STATE COLLEGE, Pa. — Severe thunderstorms will ride over the northern rim of heat expanding into the Midwest and the Northeast.

A storm system shifting eastward across the northern Plains will produce a trigger for the storms, while the hot, muggy air will act as the fuel.

Communities from northern Minnesota to western New York and western Pennsylvania are going to lie in the path of the dangerous storms.

Duluth, Minn., Marquette and Alpena, Mich., and Erie and Pittsburgh, Pa., are among the cities and towns at risk for getting hit by violent thunderstorms today.

The threat for western New York, western Pennsylvania and eastern Ohio will mainly be through the first part of the day. A complex of strong storms over southern Ontario, Canada, early Tuesday morning will follow steering flow into these areas.

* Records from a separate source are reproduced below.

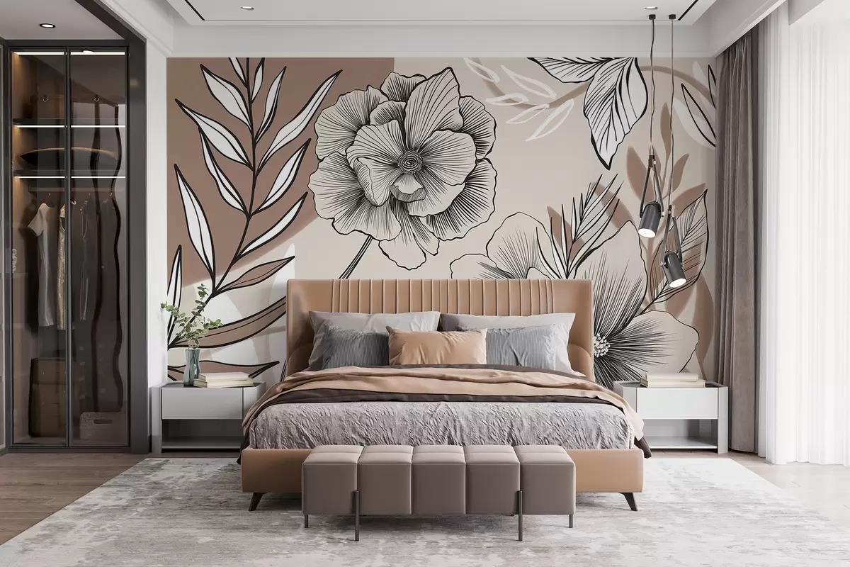 Fotobehang Grote zwart-witte grafische bloemen met gedetailleerde bladeren op een beige abstracte achtergrond N° w08580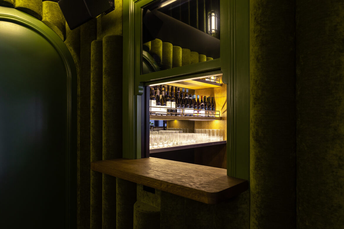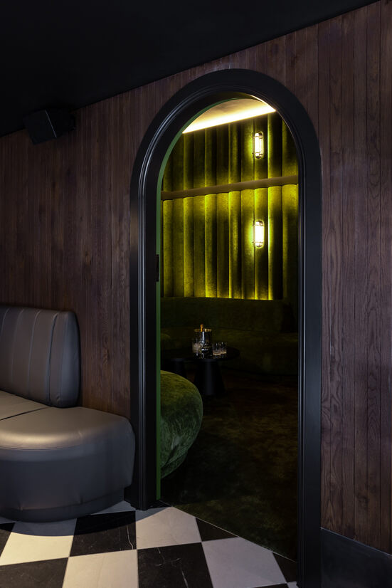 The exterior façade of The Shy Guy remains relatively untouched from its existing state, demonstrating a minimal intervention to the building fabric. Signage is small and discrete and the windows are covered with a dark tint - allowing for an element of surprise and discovery within. Inside, rich velvet banquettes sit within crafted arched nooks and a striking lighting installation reflects off every surface.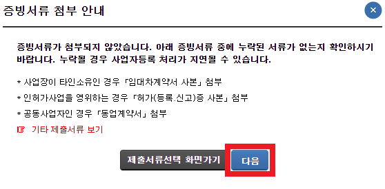 저처럼 사업 소재지를 따로 두지 않았다면, 파일 첨부 없이 '다음'을 클릭하면 됩니다. 그러나, 사업 소재지가 있다면 임대차계약서 등을 첨부해야 할 것 같습니다.
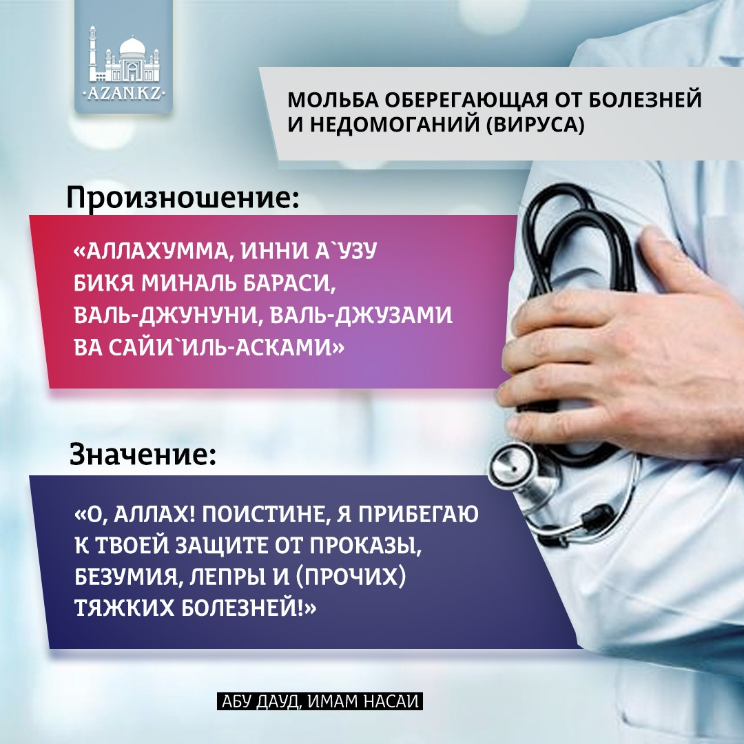 «О, Аллах! Поистине, я прибегаю к Твоей защите от проказы, безумия, лепры и (прочих) тяжких болезней!»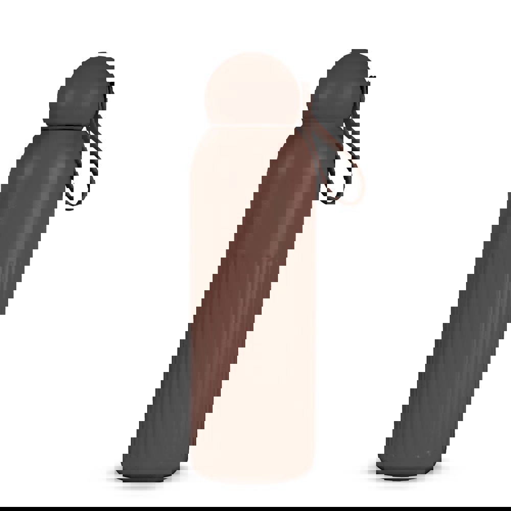 Materiaal: gerecycled staal, dop van gerecycled plastic. Isolatie: dubbelwandig met vacuüm en kopercoating. Thermische prestatie: 12 uur warm, 24 uur koud. Condensvrij exterieur. Inhoud: 500 ml. Ontwerp: verticale strepen, afgeronde dop, afneembaar rietje. Reiniging: vaatwasserbestendig. Kleuren: Zwart, Donkerblauw, Bruin, Pastel-rose, Beige, Donker-rood, Deep-mauve. Type: meerdere varianten beschikbaar.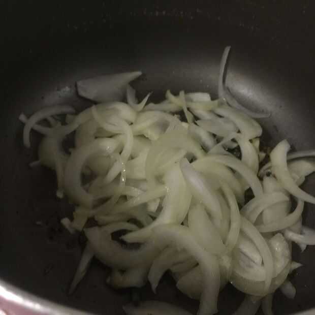Agregar la cebolla, sofría hasta que se convierte en traslúcido.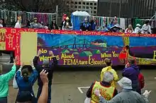 Louisiana State troopers and National Guard assisted with crowd control for the first time since 1979. Many of the floats had been partially submerged in the floodwaters for weeks. While some krewes repaired and removed all traces of these effects, others incorporated flood lines and other damage into the designs of the floats. Most of the locals who worked on the floats and rode on them were significantly impacted by the storm, and many had lost most or all of their possessions, but their enthusiasm for Carnival was even more intense than usual and celebrated as an affirmation of life. The themes of many costumes and floats had more barbed satire than usual, with commentary on the trials and tribulations of living in the devastated city, with references to MREs, Katrina refrigerators and FEMA trailers, along with much mocking of the Federal Emergency Management Agency (FEMA), and local and national politicians.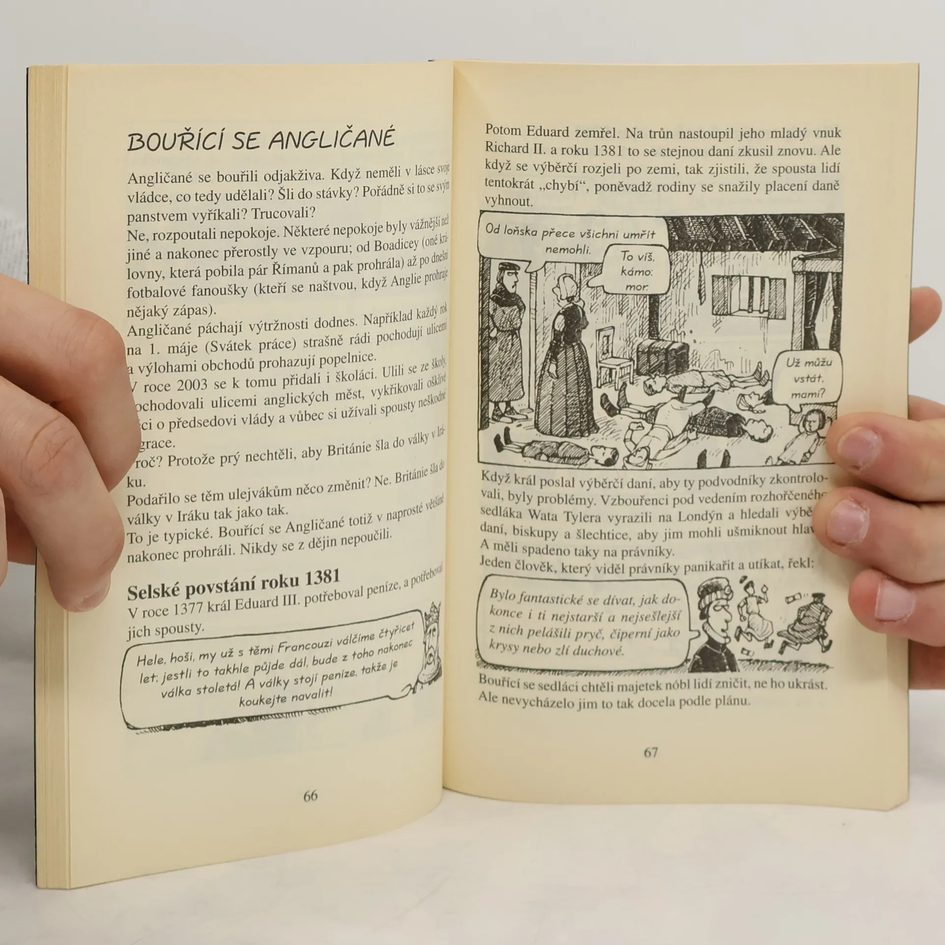 Přečtěte si hroznou pravdu o povstáních, vzpourách a nepokojích, které pomáhaly utvářet dnešní Anglii. A můžete si být jistí, že vám z toho bude pěkně nanic, ať už budete číst o krutých Keltech, nebo o příšerném 20. století. Dozvíte se například, který mnich se pokoušel štípnout ďábla do nosu kleštěmi, proč se ve středověku jedl holubí trus nebo kterého anglického krále obvinili z toho, že je vlkodlak. V této knize najdete úplně všechno, co má něco společného s Angličany - od moru přes požár až po občanskou válku nebo od rostbífu přes, rybu s hranolky až po šálek čaje. Přečtěte si o mizerných středověkých vládcích, objevte deset způsobů, jak se zabít ve viktoriánském uhelném dole a poznejte smutnou pravdu o rytíři Jiřím, kterého všichni Angličané považují za svatého patrona své země. Dějiny nikdy nebyly tak děsivé!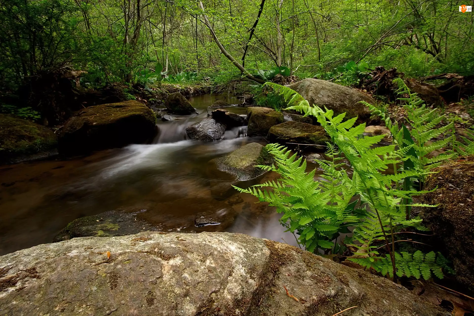 Las, Rzeka, Kamienie, Paproć
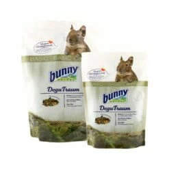 Bunny Nature Degu Traum Basic enthält alle Nährstoffe, die Ihre Degus benötigen. Dieses Alleinfuttermittel ist auf der Basis von verschiedenen Arten Gräsern, Kräutern, Gemüse und Blüten zusammengestellt worden. Bunny Nature Degu Traum Basic ist in einer Packung mit 600 g und mit 1,2 kg erhältlich.

Damaging wind gusts over 60 mph and large hail will be concerns of the severe storms both in the Northeast and Midwest. The winds will be capable of knocking down trees and power lines, potentially causing damage to homes and vehicles and cutting power to some areas. The largest hail, up to the size of golf balls, could dent cars and break windows.

A few of the strongest thunderstorms could spawn tornadoes.

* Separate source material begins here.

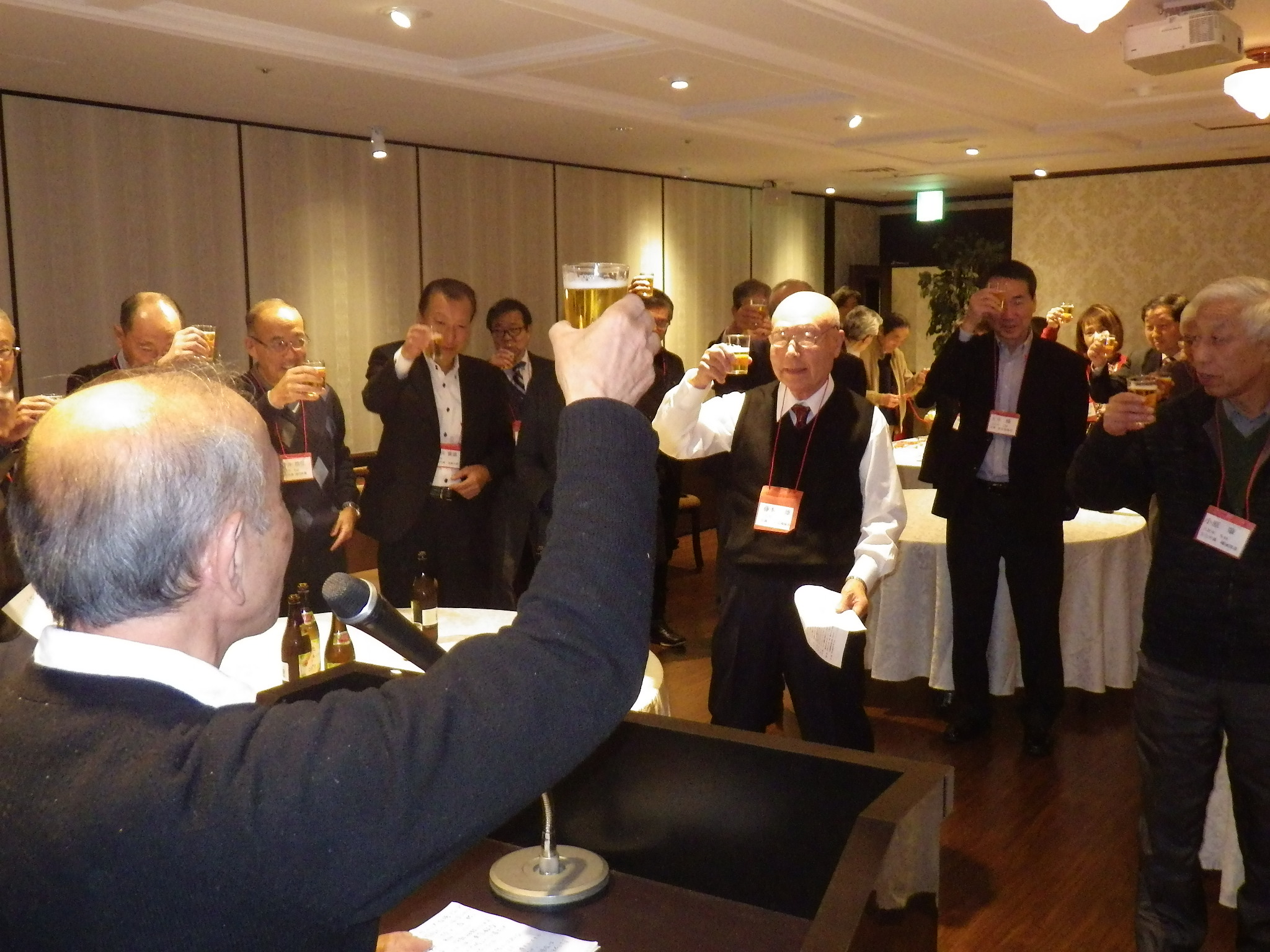 ありがとうございます。5名の初参加もあり、大勢の方々にお集まりいただけました。カンパーイ!!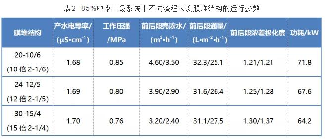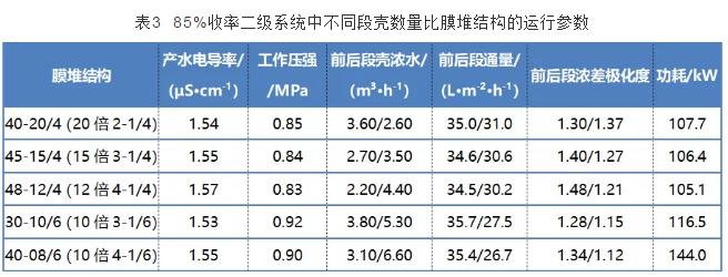 (3)回收率85%的二级系统应该采用8 m的短系统流程与3-1/4或其整倍的膜堆结构。

Northern Minnesota into extreme northern Wisconsin and the Upper Peninsula of Michigan will have the greatest threat for twisters, mainly later in the day. The higher tornado threat will be due to the fact that there will be weaker southerly winds at the surface and strong west-southwest winds high in the atmosphere. This will set the stage for a strong rotation in the storms.

Overnight, the threat for nasty storms will be finished for southern Ontario, Canada, and the Northeast. Farther west, severe storms could continue well into the night across eastern Minnesota, northern and central Wisconsin and northern Michigan.

Gulf Coast Severe Threat

Hot and muggy weather and daytime heating will allow another round of severe afternoon storms near the Gulf Coast.

Houston, Texas, New Orleans, La., and Mobile, Ala., may get rattled by damaging storms. Strong wind gusts and large hail will be the primary threats of these storms.